Exactly as written, retype the listing below, omitting the pictures.

== Given information ==
****************************************
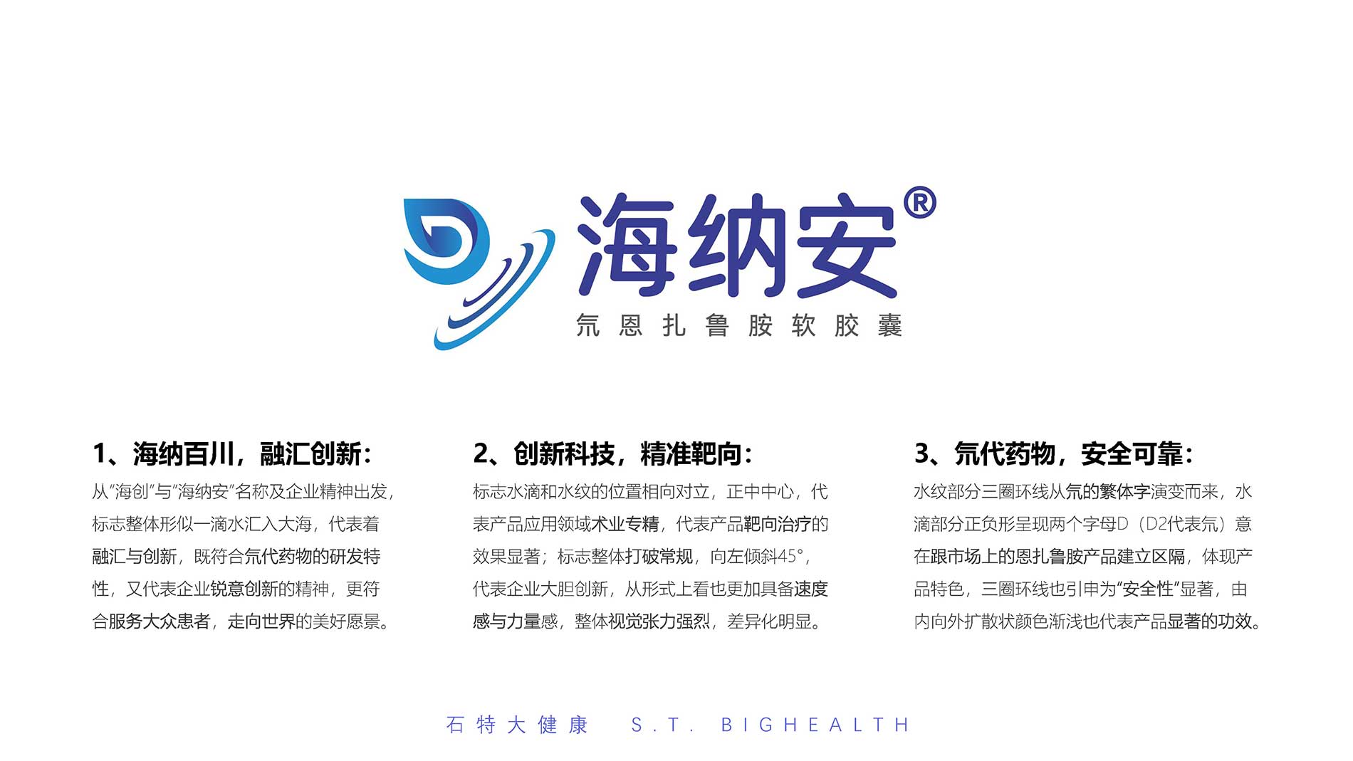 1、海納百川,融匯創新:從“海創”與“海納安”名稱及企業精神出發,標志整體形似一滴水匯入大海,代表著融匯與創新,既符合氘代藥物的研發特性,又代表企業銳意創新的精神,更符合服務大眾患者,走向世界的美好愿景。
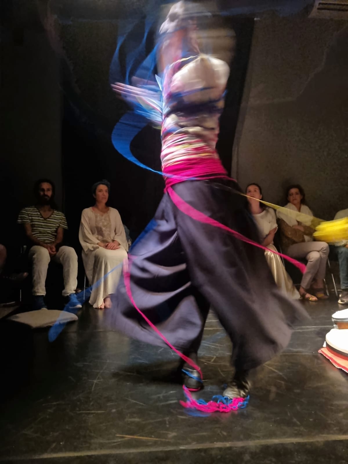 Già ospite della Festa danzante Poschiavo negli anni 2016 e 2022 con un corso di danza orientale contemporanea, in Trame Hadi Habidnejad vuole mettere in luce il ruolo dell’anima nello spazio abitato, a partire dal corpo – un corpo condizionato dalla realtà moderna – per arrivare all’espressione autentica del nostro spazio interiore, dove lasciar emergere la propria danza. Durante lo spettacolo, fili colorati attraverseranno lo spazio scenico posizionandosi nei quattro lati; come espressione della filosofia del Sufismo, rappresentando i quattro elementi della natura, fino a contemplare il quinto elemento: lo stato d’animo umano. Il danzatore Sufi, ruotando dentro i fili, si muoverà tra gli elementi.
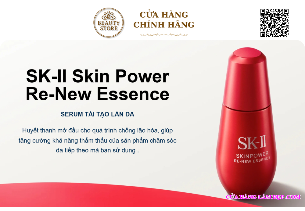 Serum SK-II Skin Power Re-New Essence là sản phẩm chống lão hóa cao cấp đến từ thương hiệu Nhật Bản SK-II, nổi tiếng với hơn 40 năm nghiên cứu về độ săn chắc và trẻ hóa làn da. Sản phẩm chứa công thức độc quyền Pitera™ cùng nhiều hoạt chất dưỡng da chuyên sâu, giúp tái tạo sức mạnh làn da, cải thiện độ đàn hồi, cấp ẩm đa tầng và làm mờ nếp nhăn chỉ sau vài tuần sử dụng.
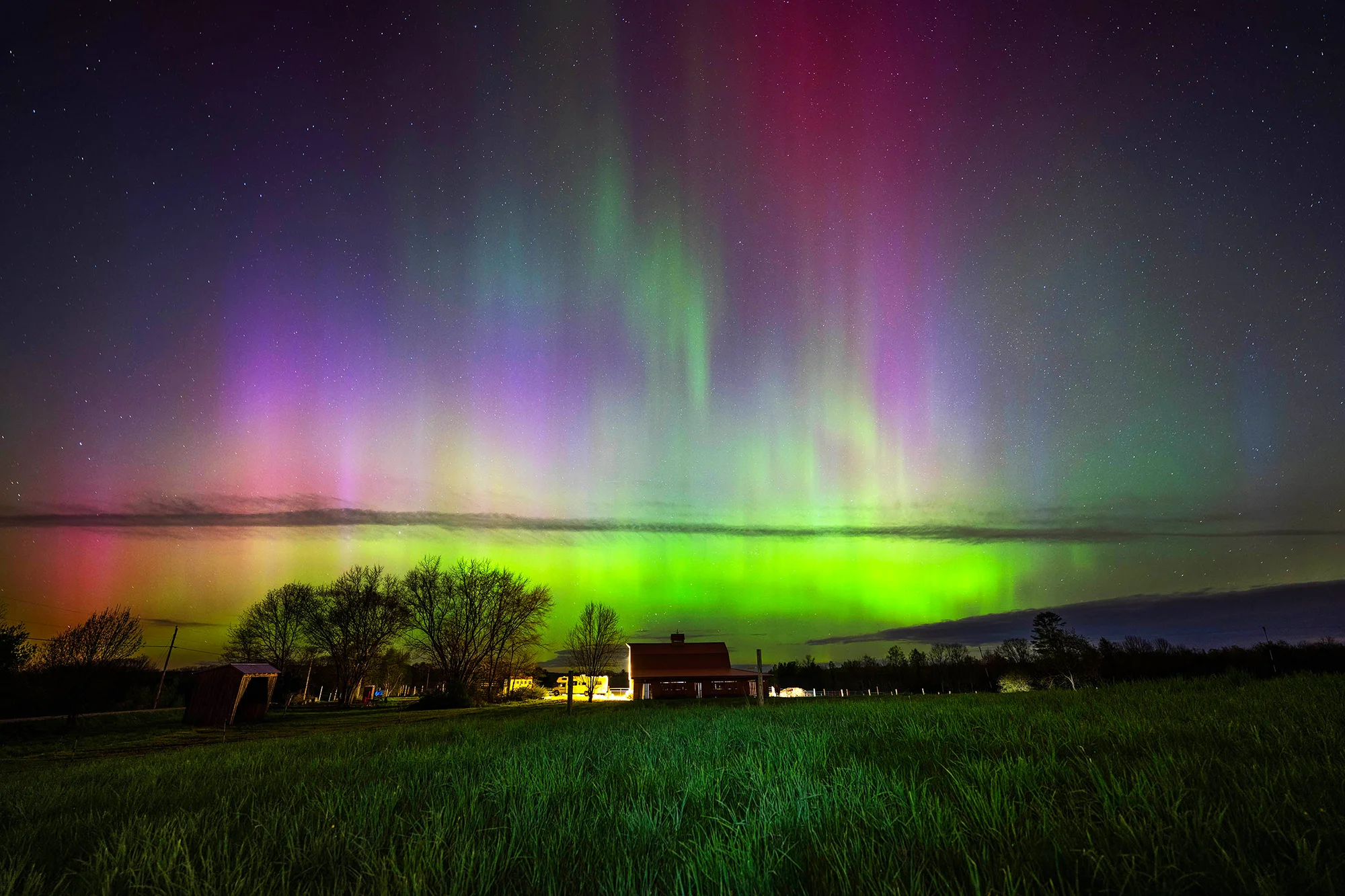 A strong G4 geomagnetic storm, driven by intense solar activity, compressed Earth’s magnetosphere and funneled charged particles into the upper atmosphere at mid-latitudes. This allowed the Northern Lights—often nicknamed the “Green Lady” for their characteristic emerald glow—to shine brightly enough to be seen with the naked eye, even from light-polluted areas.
****************************************
== Response to this task ==
 1、海納百川,融匯創新:從“海創”與“海納安”名稱及企業精神出發,標志整體形似一滴水匯入大海,代表著融匯與創新,既符合氘代藥物的研發特性,又代表企業銳意創新的精神,更符合服務大眾患者,走向世界的美好愿景。
 Già ospite della Festa danzante Poschiavo negli anni 2016 e 2022 con un corso di danza orientale contemporanea, in Trame Hadi Habidnejad vuole mettere in luce il ruolo dell’anima nello spazio abitato, a partire dal corpo – un corpo condizionato dalla realtà moderna – per arrivare all’espressione autentica del nostro spazio interiore, dove lasciar emergere la propria danza. Durante lo spettacolo, fili colorati attraverseranno lo spazio scenico posizionandosi nei quattro lati; come espressione della filosofia del Sufismo, rappresentando i quattro elementi della natura, fino a contemplare il quinto elemento: lo stato d’animo umano. Il danzatore Sufi, ruotando dentro i fili, si muoverà tra gli elementi.
 Serum SK-II Skin Power Re-New Essence là sản phẩm chống lão hóa cao cấp đến từ thương hiệu Nhật Bản SK-II, nổi tiếng với hơn 40 năm nghiên cứu về độ săn chắc và trẻ hóa làn da. Sản phẩm chứa công thức độc quyền Pitera™ cùng nhiều hoạt chất dưỡng da chuyên sâu, giúp tái tạo sức mạnh làn da, cải thiện độ đàn hồi, cấp ẩm đa tầng và làm mờ nếp nhăn chỉ sau vài tuần sử dụng.
 A strong G4 geomagnetic storm, driven by intense solar activity, compressed Earth’s magnetosphere and funneled charged particles into the upper atmosphere at mid-latitudes. This allowed the Northern Lights—often nicknamed the “Green Lady” for their characteristic emerald glow—to shine brightly enough to be seen with the naked eye, even from light-polluted areas.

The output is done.